Download Nietzsche's Will to Power Book in PDF, ePub and Kindle

This book represents a unique contribution to Nietzschean scholarship in its analysis of the concept of power as preliminary to addressing Nietzsche’s psychological version of will to power. It advances a fresh interpretation of will to power that connects it explicitly to the meaning of human life, and, in so doing, the author addresses major questions such as: What does will to power designate? What does it presuppose? What effects does it engender? What is its status, epistemologically and metaphysically? How is will to power to be evaluated? How persuasive is will to power as an explanation of fundamental human instincts and as the lynchpin of a way of life? The volume argues that Nietzsche’s psychological notion of will to power cannot plausibly be understood as merely a first-order drive to attain and exert power. Moreover, despite some of the philosopher’s extravagant rhetoric, will to power is not an inherent instinct to oppress other people or things. Instead, will to power, understood generically, is a second-order desire to have, pursue and attain first-order desires; it bears a relationship to confronting and overcoming resistances and obstacles, and is related to the pursuit of excellence and personal transformation, as well as to experiences of feeling power. As, according to Nietzsche’s account, all human beings embody will to power, the book concludes that we should distinguish at least three varieties: robust, moderate, and attenuated will to power. Only by doing this, can we understand and evaluate will to power concretely.

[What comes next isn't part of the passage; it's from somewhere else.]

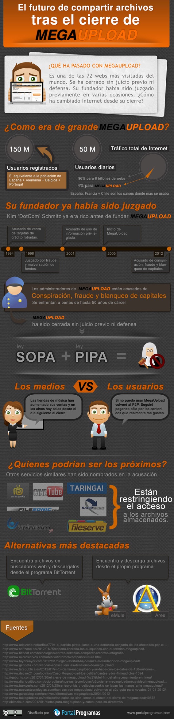 En portalprogramas.com se ha publicado esta infografía con datos relacionados con la caída del gran megaupload. En ella tocan todos los temas:

The Logos of Law: Parmenides – Hegel – Dostoevsky

The Logos of Law: Parmenides – Hegel – Dostoevsky
Author: S.I. Zakhartsev
Publisher: Europa Edizioni
Total Pages: 321
Release: 2021-04-30
Genre: Fiction
ISBN:

Download The Logos of Law: Parmenides – Hegel – Dostoevsky Book in PDF, ePub and Kindle

This monograph develops an extensively fresh approach for interpreting logical philosophy as a way to understand the universal unity of thinking and being (Fichte and Hegel) and interpreting the meaning of its harmony (Dostoevsky). The book offers a starting, easy-to-read overview of the essence and meaning of the universal unity of thought and being, as a core concept of the classical philosophy—from the teachings of Parmenides to those of the early Christian Fathers—and the philosophy of law, that tries to demonstrate how this universal unity, which is the foundation of the absolute harmony of existence, manifests in itself the certainty of law and legal awareness. Gradually, it proceeds to introduce increasingly difficult aspects of the German philosophy of 18th–19th centuries by presenting a synthesis of the logical form of philosophy until landing in metaphysics of law, as well as major long-term issues of modern jurisprudence. The authors present a specialized knowledge about law as a complex and multidimensional notion; they discuss the problem of monism-dualism, look at the law-morality, law-religion dualisms and at the concept of the Absolute in law. Their approach is aimed to develop theoretical and methodological premises of a modern, comprehensive theory of law based on an updated notion of freedom in law. This paper synthesizes the results that this trio of researchers, regarded as experts by the Russian scientific community, has achieved after many years of systematic studies of philosophy of law. It is addressed to specialists in the field of theory and philosophy of law, university tutors, post-graduate students, graduate students, legal experts and to everyone who is interested in improving their knowledge of history of philosophy and legal thought as well as exploring Dostoevsky’s ideas from an unusual perspective.